Lost Horizons: Melting glaciers in Kashmir causing regional chaos over water shortages
by Joseph Romm, Climate Progress blog, July 13, 2009Shangri-La is in trouble.
According to an article by Stephen Faris in Foreign Policy and the IPCC, the Himalayan glacier in the Kashmir province that provides 90% of Pakistan’s water for agricultural irrigation will disappear by 2035 as a consequence of climate change.
Appropriately titled “The Last Straw,” the article reviews water conflicts exacerbated by climate change in general while focusing on Pakistan’s unsustainable dependence on Kashmiri waters – a dependence that only exacerbates the long-standing historical, cultural, and religious animosity between India and Pakistan over the Kashmir territory.
Faris reports that a shocking “ninety percent of Pakistan’s agricultural irrigation depends on rivers that originate in Kashmir.” This water comes from three of the six tributaries that India and Pakistan split in their 1960 Indus Waters Treaty. Is the treaty’s continued existence a testament to how future resource shortages will draw normally hostile states into cooperating? Perhaps – the agreement has so far survived three major wars and nearly 50 years of hostile exchanges.
Unfortunately, the treaty’s stability depends on a status quo that no longer exists. By diminishing water flows in the Indus Valley, climate change puts the treaty – and the current tentative peace between Pakistan and India – at risk of collapsing.
Climate change disrupts the natural regulation of the Himalayan glaciers that feed into Kashmir’s waters: by preventing precipitation from freezing in the winter, climate change disrupts the summer melts and prevents farmers from getting adequate water for irrigation during the growing season. In fact, “the Intergovernmental Panel on Climate Change estimates the glaciers could be mostly gone from the mountains by 2035.”
The effects are already serious, according to research by the NGO ActionAid discussed by Faris in “The Last Straw”:
In the valley, snow rarely falls and almost never sticks. The summertime levels of streams, rivers, springs, and ponds have dropped. In February 2007, melting snow combined with unseasonably heavy rainfall to undermine the mountain slopes; landslides buried the national highway—the region’s only land connection with the rest of India—for 12 days.
While the United States regulates the Rocky Mountains’ complex cyclical water flows with a series of dams, an infrastructure-based solution remains unrealistic for Kashmiri waters because the province is so disputed. If Pakistan and India co-develop and share a dam, the infrastructure could be used as a weapon during a flare-up of hostilities. One or both of the countries could try to induce flooding or block essential waterflows; meanwhile, neither side is likely to cede their land claims anytime soon.

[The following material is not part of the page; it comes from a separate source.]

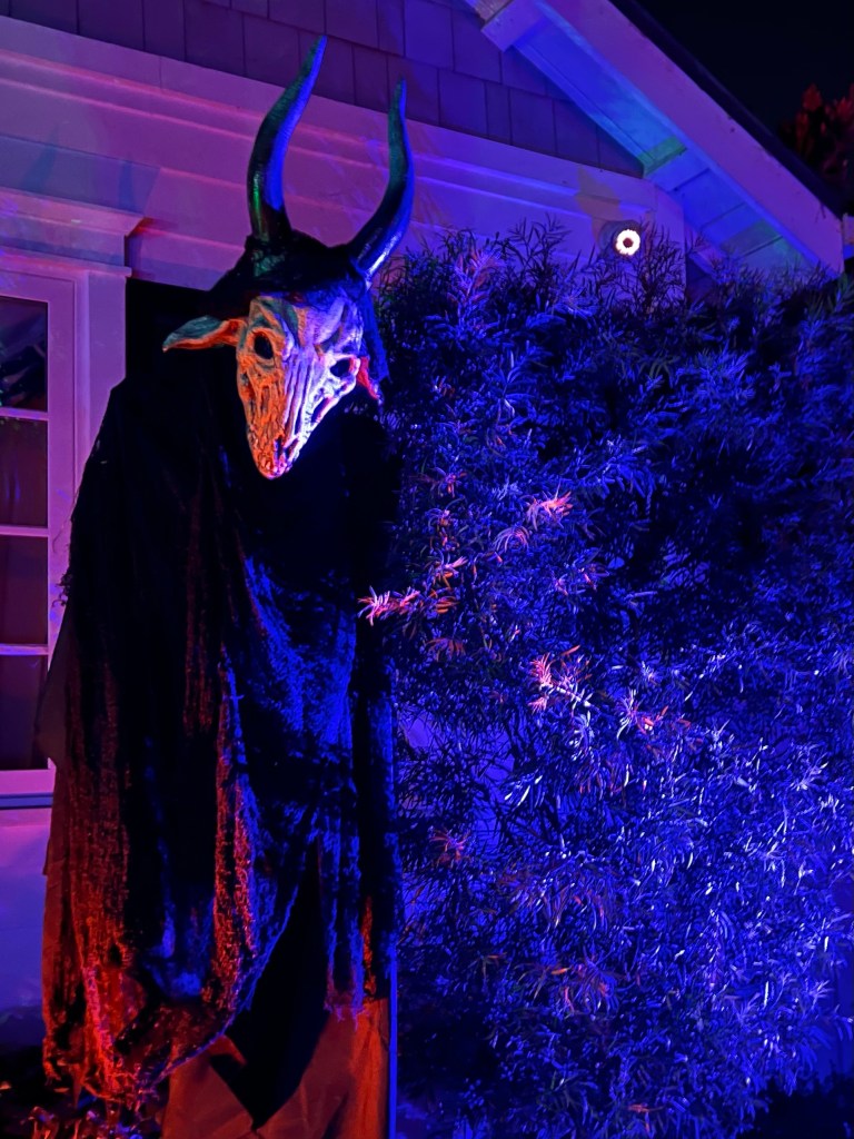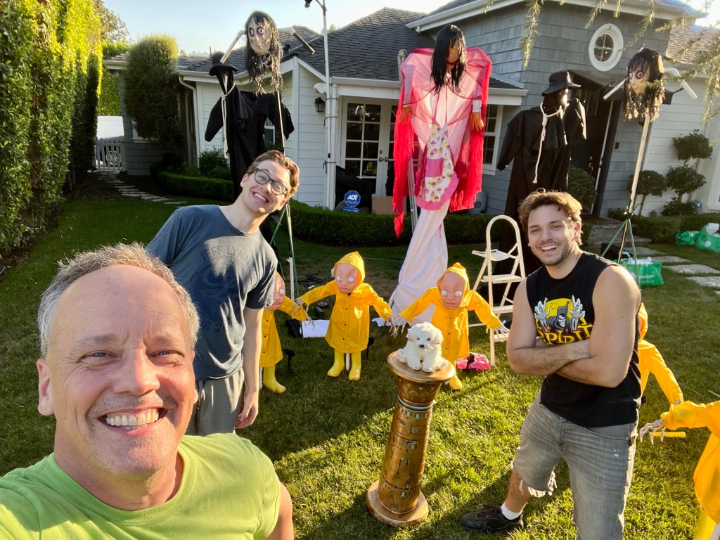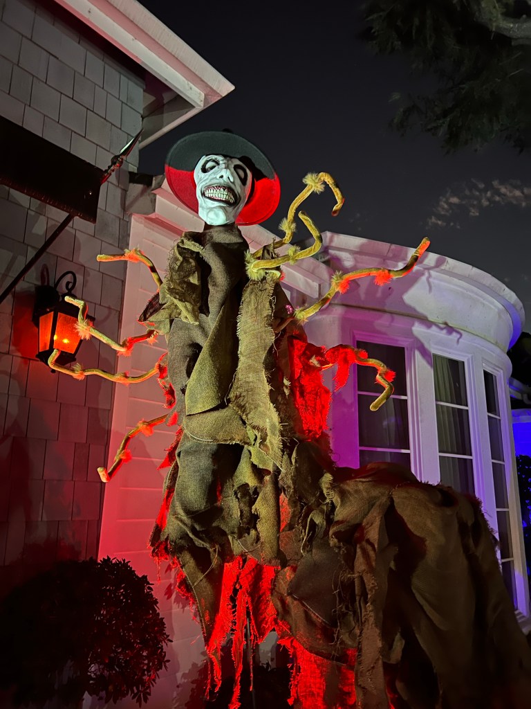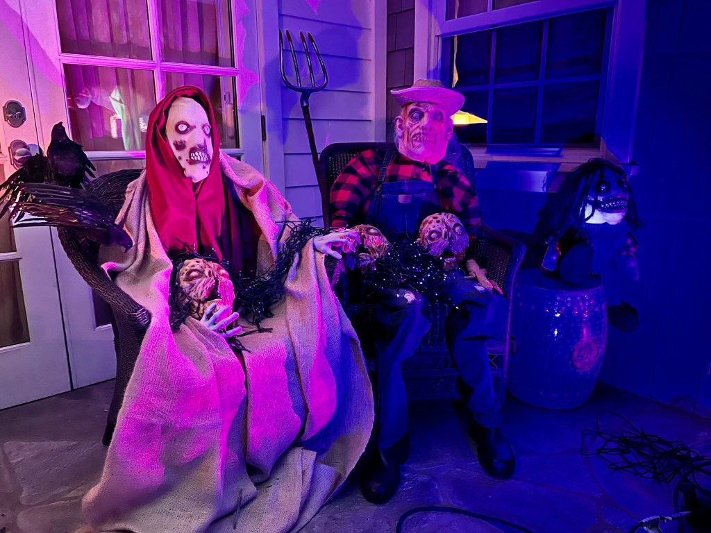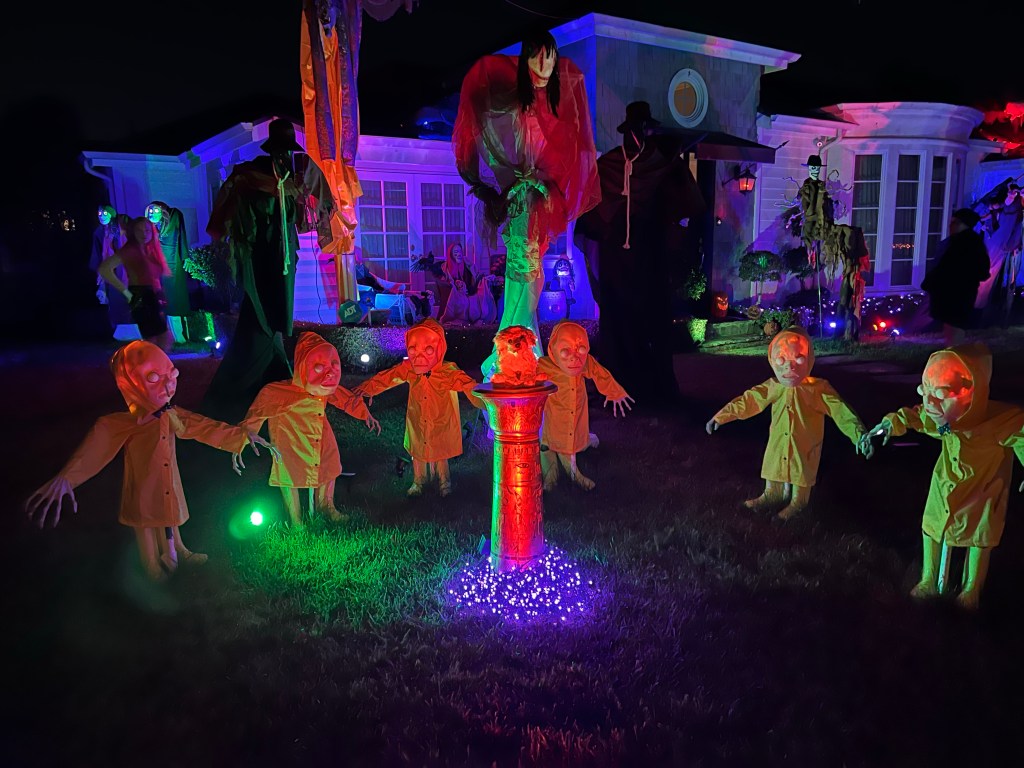 The central tableau was one of a rather disturbing mother figure hovering over her brood of six rain slicker-clad children all focused on a sweet, little puppy dog perched on an Egyptian pedestal. As with most of my yard, it doesn’t refer to any particular show or movie, though I must admit that Cronenberg’s “The Brood” was some inspiration.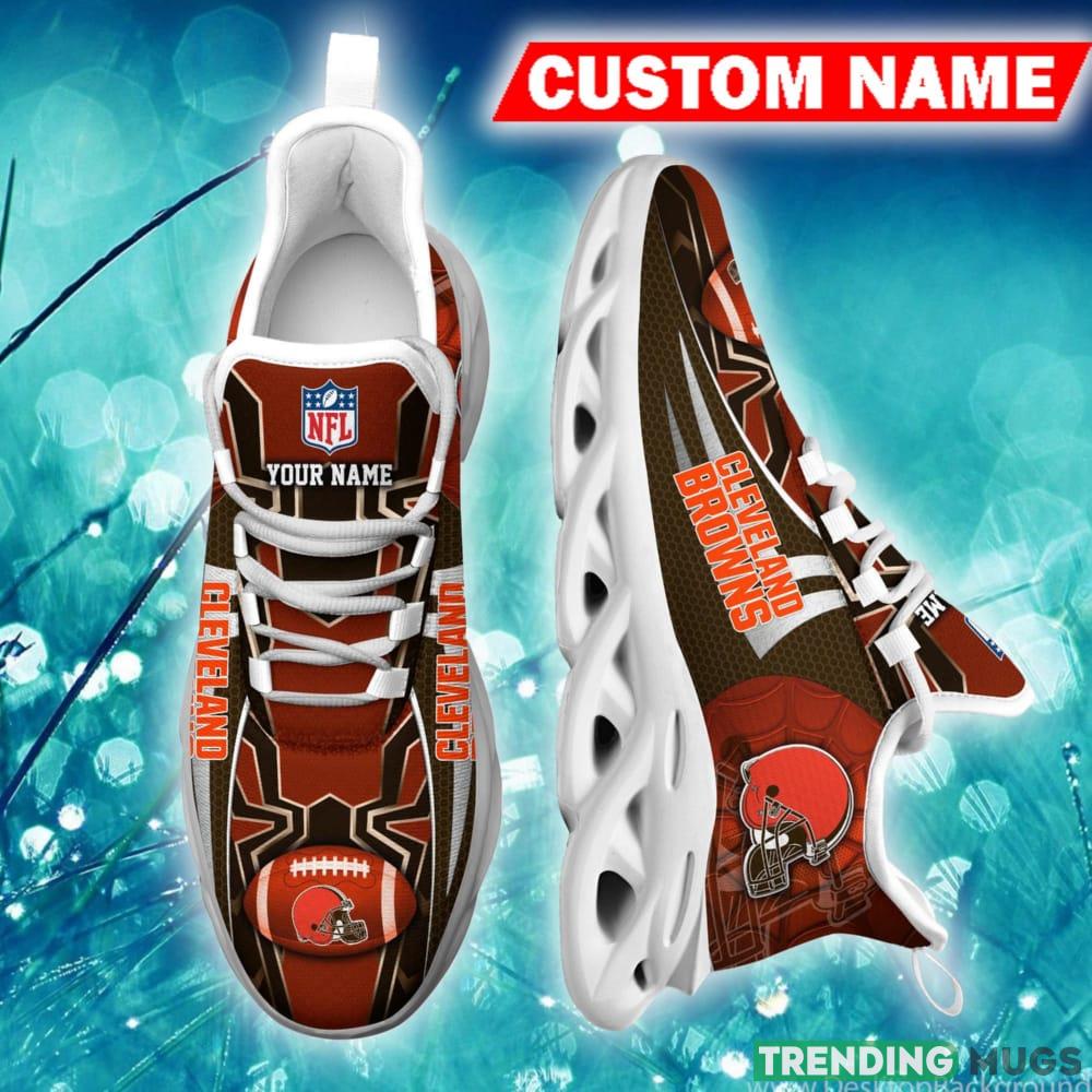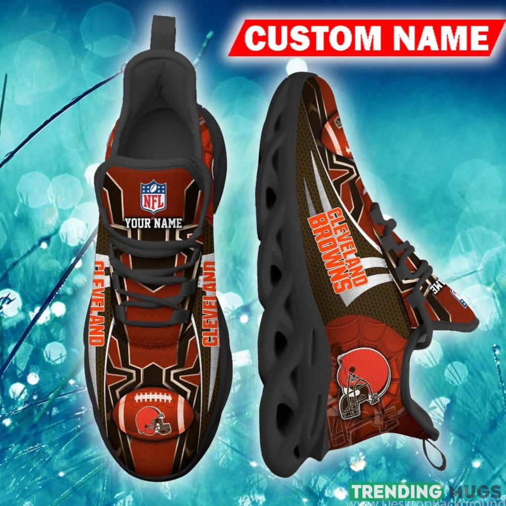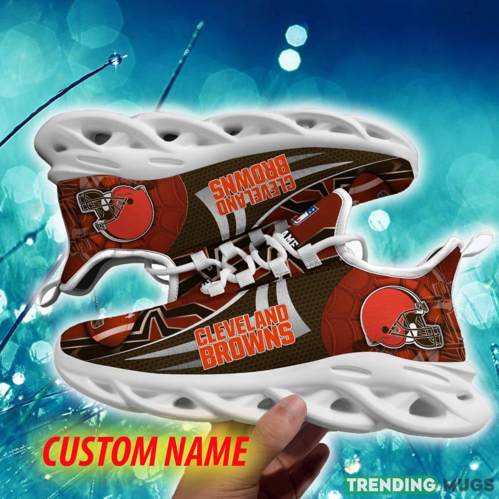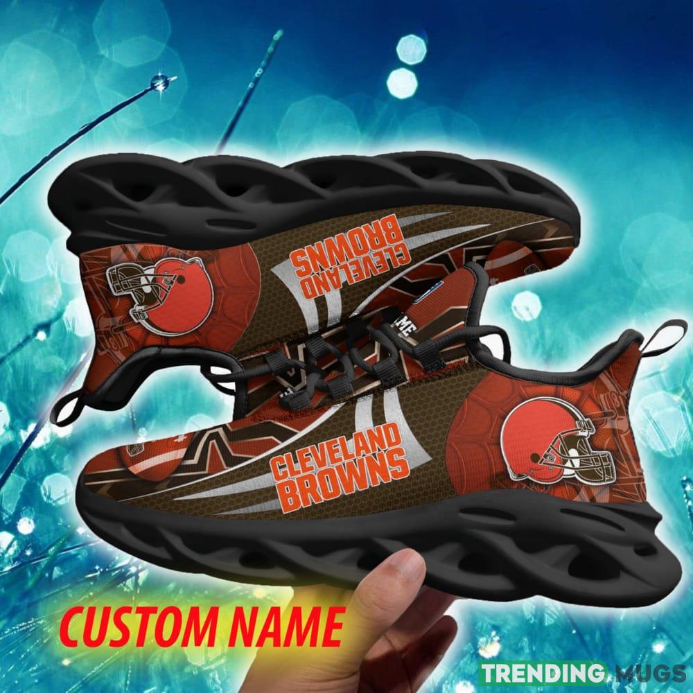 Featuring a bold and eye-catching design, these Max Soul Shoes are sure to turn heads wherever you go. The Cleveland Browns emblem is prominently displayed on the sides, ensuring that everyone knows where your allegiance lies. Plus, with the option to customize them with your own name, you can truly make these sneakers one-of-a-kind.

However, climate change might just be the external threat that forces these nations to settle their Kashmir dispute. The food shortages and water scarcity crises that will soon already plague much of the planet (as predicted by top US intelligence analyst Thomas Fingar) could feasibly force both developing and developed countries, and Pakistan and India specifically, into constructive and cooperative agreements. By necessity, nations will need to work together or collapse under the weight of climate-based resource burdens – this is the future of foreign policy realism.
If cooperation fails to occur over Kashmir, then what happens next? Pakistan won’t just ignore the water flow issues – the government already dedicates thousands of troops to guard Pakistan’s limited wheat supplies, made scarce by (you guessed it) water shortages. And though Pakistan’s democratic institutions remain questionable, grain and water were in fact contentious election issues in 2008. The problem is not going away.
Pakistan, particularly, has a long history of state-sponsored low-intensity conflict in Kashmir, and this will likely continue in some form. Beyond that, any escalation in the region is purely speculative: especially considering that each side possesses nuclear arms, who can predict how the established political and social intensity of the Kashmir issue – incredible as it already is – will interact with the addition of mass water and agriculture shortages? Hopefully, no one will have to.
It’s easy in the West to get so distraught by the effects of climate change in our home countries and so distracted by our domestic policy battles that we often skip over how climate change could simply drive two nuclear powers to war. “The Last Straw” ends on a common-sense note: “If the rivers of Kashmir have the potential to plunge South Asia into chaos, the most effective response might be to do our best to ensure the glaciers never melt at all.”
Preventing outrageous levels of warming “might be” the most effective response? Clearly, we don’t have any constructive alternatives.